Resisting arrest is very common and occurs any time a person interferes with or obstructs an officer’s attempt to make a legal arrest. In Illinois, it is usually charged as a misdemeanor. However, if there is an injury to the arresting officer, the offense rises to a felony. The charge of resisting arrest is defined at 720 ILCS 5/31-1:1 “A person commits the crime of resisting arrest if they knowingly resist or obstruct the performance by a peace officer, firefighter, or correctional institution employee of any authorized act within his or her official capacity.”

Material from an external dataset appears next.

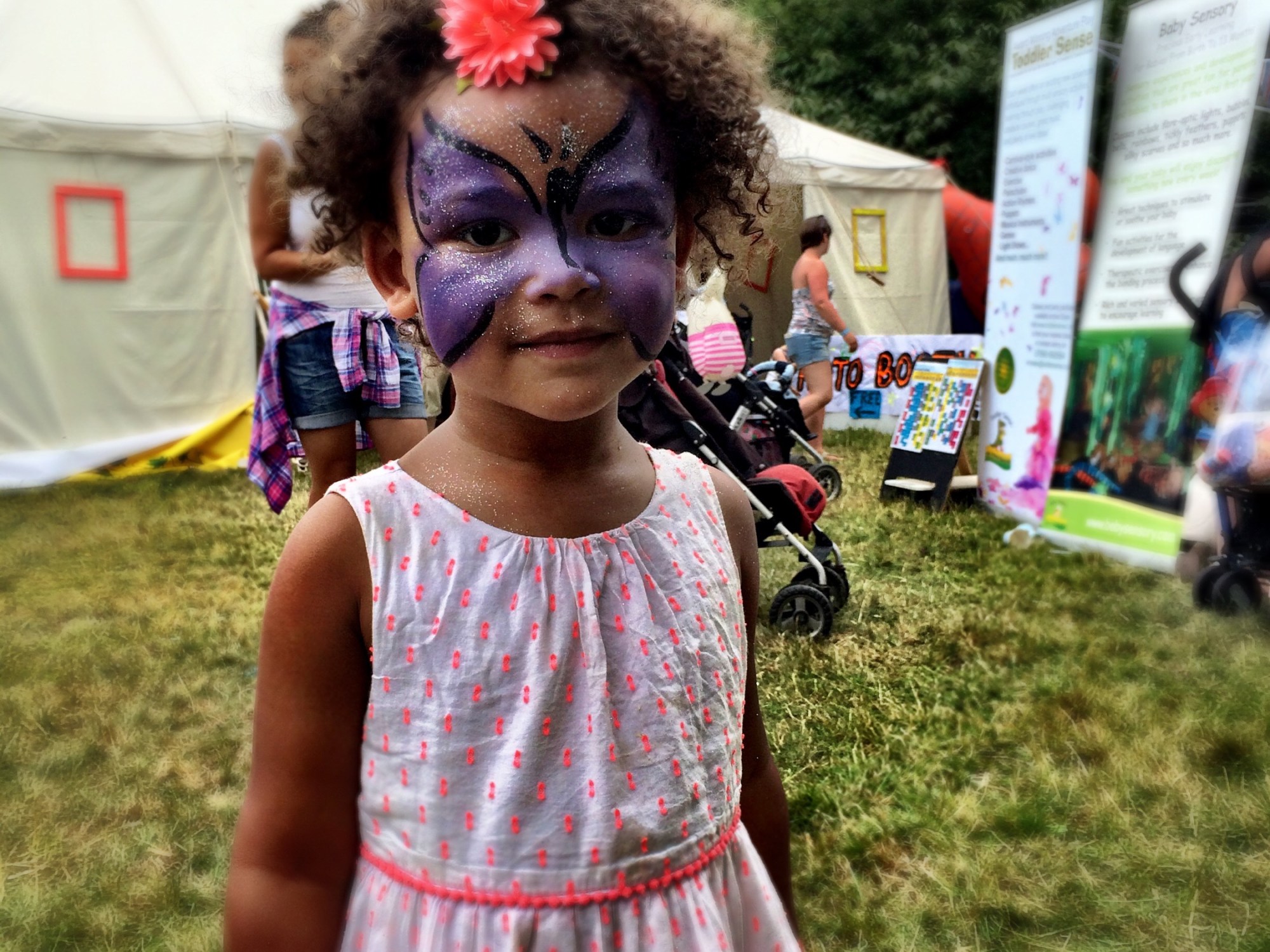 The organised activities included lots of singing and dancing, gymnastics, drumming, plenty of theatre and live entertainment – including some awe-inspiring stilt walkers that amazed my two-year-old. But what I liked best was the whole feel of the place. Unlike other festivals I’ve been to, it didn’t feel like everyone wanted you to part with as much money as possible. There were free bottles of water and comfortable chairs in the nursing tent, the food and drink were reasonably priced (we had a £5 kids meal of mac and cheese, breadsticks and juice, which was enough to feed both my children – and I indulged in a £3.50 tray of sweet potato fries). When the string came off the helium balloon animal I had bought my son (which at £4 was the most expensive item I bought other than the food), the woman at the stall happily blew up another one and replaced it fee of charge. All these small things help make a parent relaxed in an environment which, if handled differently, could be very stressful.

While the most classic examples of resisting arrest are fleeing from the scene or engaging the arresting officer physically, the statute is worded broadly and encompasses a wide variety of behaviors. For example, you can be arrested simply for refusing to put your hands behind your back, refusing to lay on the ground, refusing to put your hands on the squad car, or refusing to clear the scene of a crime when ordered to do so.
Resisting arrest is also a difficult charge to escape; even if the underlying charge against the defendant is dropped, resisting arrest is an independent charge and will remain. Thus, it is not a defense to resisting arrest that the underlying charge was dismissed. Further, a conviction for resisting arrest can even lengthen a person’s sentence if they are ever convicted of a future offense. Possible punishment for resisting arrest is a Class A misdemeanor in Illinois and is punishable by up to one year in prison and up to a $2,500 fine. If the police officer is injured during the incident, the charge rises to a Class 4 felony and is punishable by up to three years in prison and up to a fine of up to $25,000.
Defending against Charges
There are a few defenses available to someone charged with resisting arrest, most notably self-defense and unlawful arrest. A defense of self-defense requires the defendant to show that the law enforcement officer was acting unjustifiably violently and that the defendant used the force reasonably necessary to protect himself. Because a charge of resisting arrest can be levied only if the officer was making a legal arrest, another common defense is to challenge the legality of the arrest either by asserting that it was not pursuant to a warrant or that the officer lacked probable cause.